◆ Data for processing
# # # #

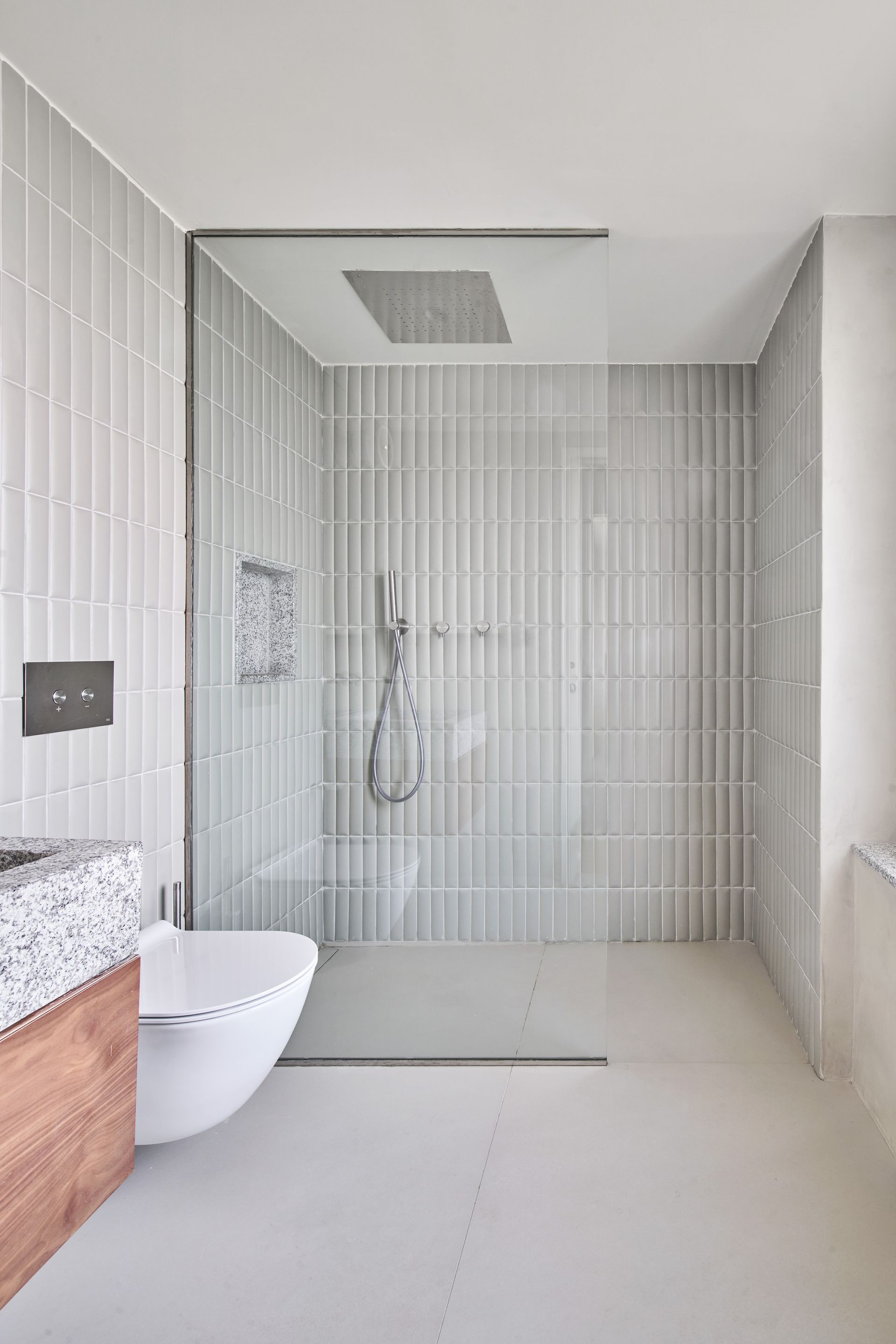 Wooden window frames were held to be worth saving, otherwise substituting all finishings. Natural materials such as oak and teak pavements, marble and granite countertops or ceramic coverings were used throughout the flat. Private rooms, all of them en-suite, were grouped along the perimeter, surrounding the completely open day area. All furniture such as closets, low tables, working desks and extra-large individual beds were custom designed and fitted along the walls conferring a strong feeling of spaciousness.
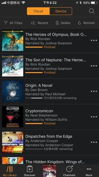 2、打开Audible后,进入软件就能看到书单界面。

# # # #

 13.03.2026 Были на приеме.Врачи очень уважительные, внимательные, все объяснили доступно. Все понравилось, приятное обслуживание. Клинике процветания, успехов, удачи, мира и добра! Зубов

# # # #

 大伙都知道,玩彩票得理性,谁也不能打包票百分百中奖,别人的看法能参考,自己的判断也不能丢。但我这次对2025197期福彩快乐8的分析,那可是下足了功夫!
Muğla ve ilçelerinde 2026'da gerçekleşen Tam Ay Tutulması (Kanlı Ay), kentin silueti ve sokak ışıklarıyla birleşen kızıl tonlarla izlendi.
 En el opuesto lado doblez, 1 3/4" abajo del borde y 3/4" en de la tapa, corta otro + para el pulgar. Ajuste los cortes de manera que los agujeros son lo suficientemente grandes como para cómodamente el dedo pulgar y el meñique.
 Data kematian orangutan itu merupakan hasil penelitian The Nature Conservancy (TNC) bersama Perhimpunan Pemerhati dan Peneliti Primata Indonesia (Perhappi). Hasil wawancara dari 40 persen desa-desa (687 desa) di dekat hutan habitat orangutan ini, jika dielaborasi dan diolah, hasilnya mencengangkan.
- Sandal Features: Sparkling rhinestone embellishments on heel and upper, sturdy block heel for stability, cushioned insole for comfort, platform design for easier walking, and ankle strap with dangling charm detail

# # # #

◆ What you are asked to do
Because only one stretch of the records is wanted, please output the lines from the one holding "Wooden window frames" through the one holding "2、打开Audible后,进入软件就能看到书单界面。" exactly, both included, and leave every picture out.

◆ Response below
 Wooden window frames were held to be worth saving, otherwise substituting all finishings. Natural materials such as oak and teak pavements, marble and granite countertops or ceramic coverings were used throughout the flat. Private rooms, all of them en-suite, were grouped along the perimeter, surrounding the completely open day area. All furniture such as closets, low tables, working desks and extra-large individual beds were custom designed and fitted along the walls conferring a strong feeling of spaciousness.
 2、打开Audible后,进入软件就能看到书单界面。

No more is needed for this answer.